Dans la presse américaine, un certain nombre d’articles ont récemment posé la question, particulièrement à l’occasion de la publication d’une étude de Vanson Bourne, financée par Pitney Bowes Software, dans le cadre de laquelle, 3 000 internautes et surtout 300 responsables marketing de 7 secteurs (dont la banque) dans 5 pays (dont la France) ont été interrogés (voir par exemple : The Financial Brand).

La banque de détail a été l’un des secteurs les plus rapides à se positionner sur les réseaux sociaux. Mais aujourd’hui, 31% des responsables marketing de banque estiment que leurs campagnes sur ces médias ont été peu efficientes et vont revoir leur budget en conséquence. Près de la moitié (47%) se disent dubitatifs. Toutefois, alors que les réseaux sociaux n’ont captés que 16% des budgets marketing des banques interrogées en 2011 (contre 36% dans le secteur des télécoms), cette part devrait monter à 22% en 2013.

Dans l’un de nos dossiers, nous avons déjà souligné que peu de banques tiennent véritablement compte des spécificités des réseaux sociaux. Beaucoup d’entre elles n’y ont vu qu’un espace de plus pour un marketing de masse, fortement orienté produits, alors qu’il s’agit surtout d’espaces où le marketing n’est pas forcément souhaité et où il peut même être contreproductif car il agace les utilisateurs. Seuls 26% d’entre eux, selon l’étude de Vanson Bourne, entrent en contact avec des marques – et n’ont pas les banques pour priorité. Cependant, il a suffit que les regards se tournent vers Pinterest l’année dernière pour que certains établissements s’y ruent, comme Capital One, USAA (avec des images patriotiques, qui n’ont intéressé que quelques centaines de fans). Citi a voulu y faire du recrutement et a rencontré un échec à peu près total (quelle idée aussi !). En fait, Pinterest est un espace social où les banques n’ont tout simplement pas forcément à être.

Pour autant, il serait certainement erroné de se détourner des réseaux sociaux. Seulement, il s’agit moins de les considérer pour les vitrines qu’ils offrent que pour les usages nouveaux qui se développent à travers eux. Aujourd’hui, beaucoup d’adolescents de quinze ans n’écrivent jamais un email à travers une messagerie. Ils utilisent les SMS, les réseaux sociaux et même les sites de jeux interactifs. Pour eux, mobile et ordinateur doivent être interchangeables et l’espace de communication qu’ils utilisent aménageable à leur gré, immédiatement connecté à leur réseau de connaissances. Or, dans moins de cinq ans, ces adolescents entreront dans la cible des clients les plus courtisés par les banques…

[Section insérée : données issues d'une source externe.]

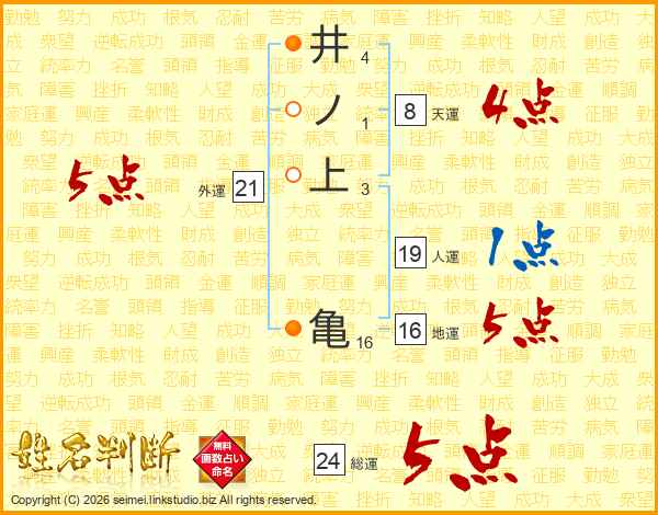 井(4画)ノ(1画)上(3画) 亀(16画)
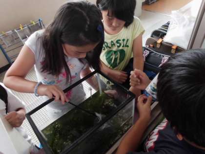 5年生のそれぞれのクラスにメダカがやってきて数日が経ちました。
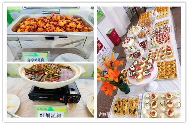 活动开展前期后勤管理与基建处进行了精心策划,并得到教工食堂餐饮承包单位黄山大厦团膳集团KK公司给予的大力支持,餐厅装饰一新,营造出浓烈的美食文化氛围。整个美食展区精美凉菜、风味烧菜、蒸汁菜肴、名点小吃、水果拼盘应有尽有,秀色可餐。两天的活动共计推出了32道美食菜肴,最大程度满足教职工的就餐差异化需求。

Dans les pays émergents, certaines banques s’installent ainsi directement sur Facebook (CIMB/Octopay en Malaisie, Deniz Bank en Turquie, ICICI en Inde, …). La Commonwealth Bank of Australia, l’ASB néo-zélandaise, la FNB sud-africaine y donnent au moins un accès direct à leurs services. Et American Express vient d’offrir la possibilité de réaliser des achats en ligne via Twitter – en Chine, 28,5% des web-acheteurs (ce sont les plus nombreux au monde) passent par les réseaux sociaux locaux : le premier est QZone (712 millions d’utilisateurs en 2012). Mercedes a commencé à vendre à travers le réseau Weibo (400 millions d’utilisateurs). Les réseaux sociaux vérifient particulièrement la célèbre formule : « the medium is the message ».